3. Will they ban me for no reason?
Not in my experience. They’re strict about guidelines, but they communicate. If you’re breaking rules, they tell you first. They don’t ghost.
4. What if my traffic is mostly from India?
Your earnings will be low. Like, really low. My India traffic makes less than a quarter of what my US traffic makes. If that’s your main market, ClickBank will be depressing. Look for networks that specifically focus on emerging markets.
5. Can I run ads on every page?
You can, but you shouldn’t. They have guidelines about density. I run ads on about 60% of my pages, concentrated on longer articles. Too many ads kills UX and they’ll notice.
6. What’s the approval process actually like?
Easy. They check that your site isn’t spam, that it has actual content, and that it’s not in a restricted category. If you have a real site with real articles, you’ll get approved. I was approved in 4 days.
7. Can I use ClickBank with other ad networks at the same time?
Yeah, you can use it alongside AdSense, Mediavine, whatever. I’m running ClickBank and a couple other networks simultaneously. Just don’t run competing ads in the same space.
8. How do I actually increase my earnings?

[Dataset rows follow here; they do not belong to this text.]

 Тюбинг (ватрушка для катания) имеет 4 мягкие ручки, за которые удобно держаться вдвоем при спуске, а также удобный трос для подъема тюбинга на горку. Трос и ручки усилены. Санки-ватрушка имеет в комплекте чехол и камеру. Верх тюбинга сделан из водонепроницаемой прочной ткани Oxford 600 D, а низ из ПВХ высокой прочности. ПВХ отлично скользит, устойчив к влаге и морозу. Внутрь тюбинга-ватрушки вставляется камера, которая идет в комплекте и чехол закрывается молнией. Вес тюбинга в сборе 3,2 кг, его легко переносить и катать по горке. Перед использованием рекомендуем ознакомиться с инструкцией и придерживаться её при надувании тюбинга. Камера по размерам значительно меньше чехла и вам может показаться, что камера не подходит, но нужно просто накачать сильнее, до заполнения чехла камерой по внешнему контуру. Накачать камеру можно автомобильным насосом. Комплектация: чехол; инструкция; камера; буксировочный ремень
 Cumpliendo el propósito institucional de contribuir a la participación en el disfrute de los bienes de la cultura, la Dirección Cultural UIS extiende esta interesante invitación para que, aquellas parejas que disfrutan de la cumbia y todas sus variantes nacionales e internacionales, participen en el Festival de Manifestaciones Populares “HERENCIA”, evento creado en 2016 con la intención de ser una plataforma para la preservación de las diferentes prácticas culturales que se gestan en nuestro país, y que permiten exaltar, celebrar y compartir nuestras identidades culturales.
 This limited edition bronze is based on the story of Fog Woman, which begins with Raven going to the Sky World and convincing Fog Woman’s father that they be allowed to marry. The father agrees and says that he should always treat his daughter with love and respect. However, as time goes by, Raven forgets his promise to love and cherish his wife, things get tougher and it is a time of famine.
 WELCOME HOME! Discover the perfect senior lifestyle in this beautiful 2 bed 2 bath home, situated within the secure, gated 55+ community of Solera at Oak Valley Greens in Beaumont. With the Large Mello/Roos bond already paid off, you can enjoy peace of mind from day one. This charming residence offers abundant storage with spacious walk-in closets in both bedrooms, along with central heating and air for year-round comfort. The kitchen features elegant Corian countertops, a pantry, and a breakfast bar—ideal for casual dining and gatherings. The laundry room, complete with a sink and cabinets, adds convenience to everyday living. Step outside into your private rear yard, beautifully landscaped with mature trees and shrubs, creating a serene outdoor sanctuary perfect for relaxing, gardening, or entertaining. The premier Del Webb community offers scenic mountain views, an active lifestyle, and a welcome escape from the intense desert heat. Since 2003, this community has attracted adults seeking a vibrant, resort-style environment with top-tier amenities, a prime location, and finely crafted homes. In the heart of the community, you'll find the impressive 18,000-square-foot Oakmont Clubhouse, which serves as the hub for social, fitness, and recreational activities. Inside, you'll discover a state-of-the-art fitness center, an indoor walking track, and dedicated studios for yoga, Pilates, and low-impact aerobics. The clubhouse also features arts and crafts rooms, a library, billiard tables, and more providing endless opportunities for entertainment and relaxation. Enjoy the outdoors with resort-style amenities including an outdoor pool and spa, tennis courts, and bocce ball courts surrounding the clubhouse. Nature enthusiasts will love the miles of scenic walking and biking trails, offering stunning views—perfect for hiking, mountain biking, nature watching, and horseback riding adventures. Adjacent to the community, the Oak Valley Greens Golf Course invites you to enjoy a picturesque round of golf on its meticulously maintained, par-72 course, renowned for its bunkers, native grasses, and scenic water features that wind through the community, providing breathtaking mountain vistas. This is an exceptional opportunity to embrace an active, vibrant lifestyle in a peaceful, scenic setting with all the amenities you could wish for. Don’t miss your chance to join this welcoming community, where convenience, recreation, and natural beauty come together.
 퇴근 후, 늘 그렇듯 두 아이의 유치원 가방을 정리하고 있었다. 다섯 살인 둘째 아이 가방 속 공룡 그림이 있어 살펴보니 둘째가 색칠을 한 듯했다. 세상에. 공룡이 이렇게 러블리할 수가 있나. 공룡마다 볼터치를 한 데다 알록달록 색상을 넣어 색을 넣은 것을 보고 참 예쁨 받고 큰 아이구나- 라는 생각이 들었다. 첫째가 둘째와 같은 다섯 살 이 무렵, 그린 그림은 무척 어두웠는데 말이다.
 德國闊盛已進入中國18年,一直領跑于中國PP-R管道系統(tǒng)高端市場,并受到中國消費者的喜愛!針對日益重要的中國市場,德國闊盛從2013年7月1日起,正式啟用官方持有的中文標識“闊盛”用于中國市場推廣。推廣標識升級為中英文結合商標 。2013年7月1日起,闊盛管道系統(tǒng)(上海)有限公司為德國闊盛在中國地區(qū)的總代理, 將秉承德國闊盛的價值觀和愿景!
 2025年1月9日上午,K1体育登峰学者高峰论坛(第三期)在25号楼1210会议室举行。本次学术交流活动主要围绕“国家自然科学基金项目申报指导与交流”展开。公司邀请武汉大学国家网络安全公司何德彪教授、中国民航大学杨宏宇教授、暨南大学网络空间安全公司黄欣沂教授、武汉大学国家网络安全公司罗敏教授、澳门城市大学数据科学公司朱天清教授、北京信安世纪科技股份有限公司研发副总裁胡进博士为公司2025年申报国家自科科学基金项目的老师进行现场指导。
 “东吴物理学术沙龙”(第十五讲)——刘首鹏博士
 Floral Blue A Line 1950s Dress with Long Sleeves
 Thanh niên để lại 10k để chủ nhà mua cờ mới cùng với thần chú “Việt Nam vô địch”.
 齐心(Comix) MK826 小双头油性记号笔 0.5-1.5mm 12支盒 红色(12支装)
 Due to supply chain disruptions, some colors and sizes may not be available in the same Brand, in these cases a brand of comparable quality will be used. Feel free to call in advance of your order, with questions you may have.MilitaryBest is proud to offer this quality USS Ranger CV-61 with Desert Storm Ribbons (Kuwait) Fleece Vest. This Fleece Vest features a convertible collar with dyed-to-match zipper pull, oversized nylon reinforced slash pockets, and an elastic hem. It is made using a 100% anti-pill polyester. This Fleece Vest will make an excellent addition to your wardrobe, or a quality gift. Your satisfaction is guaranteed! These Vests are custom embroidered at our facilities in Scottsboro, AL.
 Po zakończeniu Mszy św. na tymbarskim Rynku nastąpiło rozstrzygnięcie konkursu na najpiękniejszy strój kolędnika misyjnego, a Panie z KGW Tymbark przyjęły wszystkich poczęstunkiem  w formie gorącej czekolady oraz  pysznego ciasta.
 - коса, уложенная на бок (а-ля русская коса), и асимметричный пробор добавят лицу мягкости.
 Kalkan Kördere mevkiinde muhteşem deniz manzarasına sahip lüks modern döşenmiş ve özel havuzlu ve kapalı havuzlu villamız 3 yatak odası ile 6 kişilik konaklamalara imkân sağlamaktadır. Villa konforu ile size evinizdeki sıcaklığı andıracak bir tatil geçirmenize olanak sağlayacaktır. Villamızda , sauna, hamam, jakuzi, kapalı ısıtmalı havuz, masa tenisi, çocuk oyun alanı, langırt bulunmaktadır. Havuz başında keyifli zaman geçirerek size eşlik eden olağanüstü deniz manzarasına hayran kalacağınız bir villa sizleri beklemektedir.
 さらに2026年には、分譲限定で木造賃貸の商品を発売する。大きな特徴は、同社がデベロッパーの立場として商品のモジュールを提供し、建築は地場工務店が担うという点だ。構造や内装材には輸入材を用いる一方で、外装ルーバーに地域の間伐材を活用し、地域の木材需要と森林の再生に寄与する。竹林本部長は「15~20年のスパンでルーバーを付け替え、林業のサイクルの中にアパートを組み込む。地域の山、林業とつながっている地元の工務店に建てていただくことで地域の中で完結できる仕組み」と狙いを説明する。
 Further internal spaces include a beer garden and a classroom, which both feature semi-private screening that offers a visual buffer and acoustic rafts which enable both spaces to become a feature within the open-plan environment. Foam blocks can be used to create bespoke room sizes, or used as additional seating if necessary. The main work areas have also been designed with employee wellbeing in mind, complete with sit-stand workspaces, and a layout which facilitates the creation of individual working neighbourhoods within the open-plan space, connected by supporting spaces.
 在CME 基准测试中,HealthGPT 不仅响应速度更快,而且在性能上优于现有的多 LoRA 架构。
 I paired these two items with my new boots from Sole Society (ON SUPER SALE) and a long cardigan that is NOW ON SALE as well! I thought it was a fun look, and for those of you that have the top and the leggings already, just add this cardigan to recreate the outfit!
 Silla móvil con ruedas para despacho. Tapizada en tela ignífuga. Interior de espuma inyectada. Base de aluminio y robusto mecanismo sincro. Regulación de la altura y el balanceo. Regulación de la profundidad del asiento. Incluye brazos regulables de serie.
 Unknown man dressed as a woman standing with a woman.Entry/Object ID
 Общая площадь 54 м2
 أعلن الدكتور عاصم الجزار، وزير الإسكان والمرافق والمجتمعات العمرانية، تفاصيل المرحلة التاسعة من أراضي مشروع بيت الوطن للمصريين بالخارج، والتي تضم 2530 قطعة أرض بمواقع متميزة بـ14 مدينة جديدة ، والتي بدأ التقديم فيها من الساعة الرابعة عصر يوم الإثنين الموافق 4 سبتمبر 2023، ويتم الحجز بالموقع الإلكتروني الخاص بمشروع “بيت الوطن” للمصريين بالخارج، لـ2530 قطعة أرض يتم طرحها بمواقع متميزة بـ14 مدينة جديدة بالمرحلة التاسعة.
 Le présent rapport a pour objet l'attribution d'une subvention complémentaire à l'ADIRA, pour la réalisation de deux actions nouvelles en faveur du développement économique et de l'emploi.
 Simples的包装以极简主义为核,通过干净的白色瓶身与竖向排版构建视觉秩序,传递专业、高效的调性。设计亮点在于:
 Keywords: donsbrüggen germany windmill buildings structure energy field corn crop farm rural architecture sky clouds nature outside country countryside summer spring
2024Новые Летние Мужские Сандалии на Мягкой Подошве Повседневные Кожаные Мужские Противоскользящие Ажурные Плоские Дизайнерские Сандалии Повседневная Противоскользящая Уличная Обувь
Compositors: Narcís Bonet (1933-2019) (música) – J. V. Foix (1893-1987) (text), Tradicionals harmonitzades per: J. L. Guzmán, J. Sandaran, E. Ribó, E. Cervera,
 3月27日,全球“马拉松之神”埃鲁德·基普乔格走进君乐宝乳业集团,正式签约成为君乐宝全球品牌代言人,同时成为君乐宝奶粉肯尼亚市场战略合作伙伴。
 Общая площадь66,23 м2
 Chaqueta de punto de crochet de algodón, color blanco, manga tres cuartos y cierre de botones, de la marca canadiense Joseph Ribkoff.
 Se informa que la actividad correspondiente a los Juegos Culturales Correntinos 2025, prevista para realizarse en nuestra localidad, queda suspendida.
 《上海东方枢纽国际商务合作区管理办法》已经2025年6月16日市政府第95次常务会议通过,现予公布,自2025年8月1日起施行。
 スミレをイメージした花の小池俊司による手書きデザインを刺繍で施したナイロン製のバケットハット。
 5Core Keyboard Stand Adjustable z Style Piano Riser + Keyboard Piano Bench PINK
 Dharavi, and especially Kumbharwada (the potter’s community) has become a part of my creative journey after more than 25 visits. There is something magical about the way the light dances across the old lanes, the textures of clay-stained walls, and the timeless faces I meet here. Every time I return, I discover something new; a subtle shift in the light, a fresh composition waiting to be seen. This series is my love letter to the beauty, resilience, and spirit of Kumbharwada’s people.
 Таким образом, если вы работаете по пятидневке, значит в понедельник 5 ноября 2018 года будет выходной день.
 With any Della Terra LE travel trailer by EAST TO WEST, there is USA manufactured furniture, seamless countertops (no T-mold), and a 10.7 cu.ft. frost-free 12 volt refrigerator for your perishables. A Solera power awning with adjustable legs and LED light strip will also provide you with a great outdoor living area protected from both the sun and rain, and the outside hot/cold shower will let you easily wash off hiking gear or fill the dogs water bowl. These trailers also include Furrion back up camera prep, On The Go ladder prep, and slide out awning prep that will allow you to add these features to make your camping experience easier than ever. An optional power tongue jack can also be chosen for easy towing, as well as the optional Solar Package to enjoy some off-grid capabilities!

Get more traffic first. That’s it. Honestly. Everything else is secondary. Once you’re getting consistent pageviews, optimize placement. Native ads worked best for me. Test and iterate. But more traffic = more money. That’s the fundamental truth.
My Honest Rating: 7.5 Out of 10
Here’s why that’s a 7.5 and not an 8 or 9: ClickBank is reliable and legit, but they’re not going to make you rich. They’re the network you turn to when you need stability and consistency. They pay decently but not amazingly. They’re easy to work with but don’t offer much guidance.
For someone like me – someone who got burned by another network and needed something solid – they’re perfect. 8/10. But for someone looking for maximum earnings? They’ll feel mediocre. 7/10.
So 7.5 feels fair. It’s a good network. Not great, but good. Reliable. Fair. That’s ClickBank.
After 14 months of using them, I’m sticking around. I’ve made $1,247 total across my sites. That’s not a fortune, but it’s real money from a real network that hasn’t screwed me once. In 2026, that feels worth keeping.
Disclosure: Some links in this post may be affiliate links. I earn a small commission if you sign up through my referral link, but it doesn’t cost you extra. This review is based on my actual experience and I’m not being paid by ClickBank to write positive things. These are genuinely my results and my honest opinions.